DATA PROVIDED:
>>>>

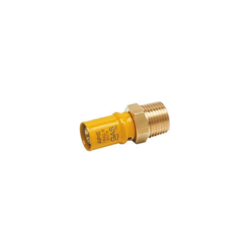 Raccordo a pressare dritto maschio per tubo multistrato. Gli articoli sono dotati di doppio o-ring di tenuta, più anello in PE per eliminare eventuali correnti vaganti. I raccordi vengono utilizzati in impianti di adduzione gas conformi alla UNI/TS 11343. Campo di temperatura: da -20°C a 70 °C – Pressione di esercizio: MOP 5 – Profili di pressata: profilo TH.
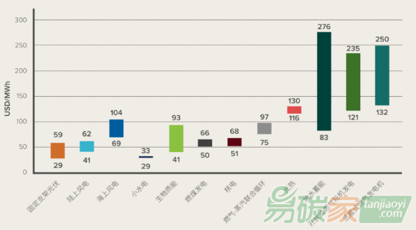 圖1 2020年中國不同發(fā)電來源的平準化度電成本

<<<<
>>>>

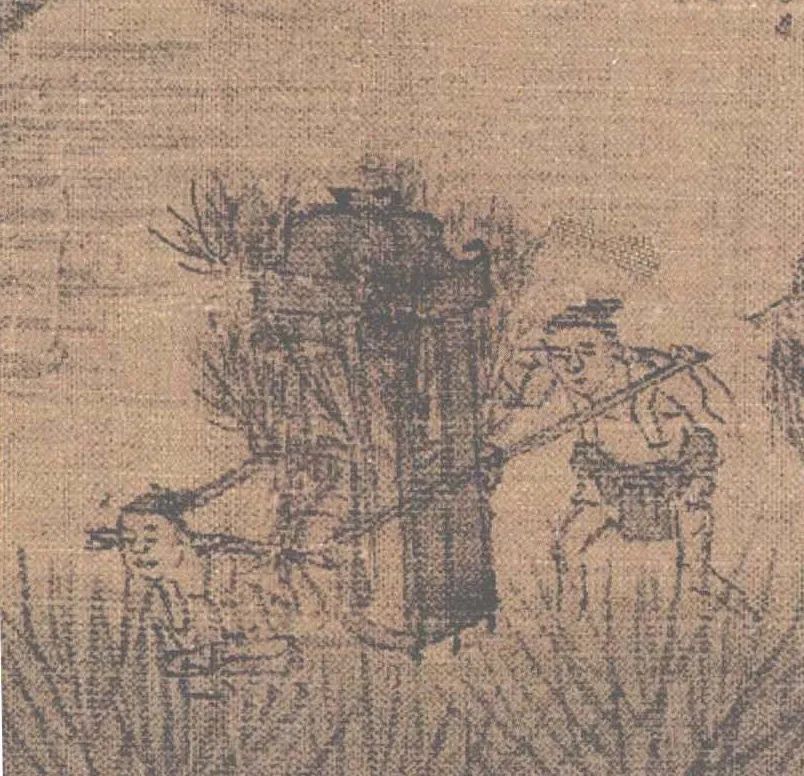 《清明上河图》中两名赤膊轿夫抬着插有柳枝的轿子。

<<<<

WORK TO BE COMPLETED: In the entries above, find the line containing "Raccordo a pressare" and the line containing "圖1 2020年中國不同發(fā)電來源的平準化度電成本"; give again exactly those two lines and every line between them, minus the pictures.

TASK ANSWER:
 Raccordo a pressare dritto maschio per tubo multistrato. Gli articoli sono dotati di doppio o-ring di tenuta, più anello in PE per eliminare eventuali correnti vaganti. I raccordi vengono utilizzati in impianti di adduzione gas conformi alla UNI/TS 11343. Campo di temperatura: da -20°C a 70 °C – Pressione di esercizio: MOP 5 – Profili di pressata: profilo TH.
 圖1 2020年中國不同發(fā)電來源的平準化度電成本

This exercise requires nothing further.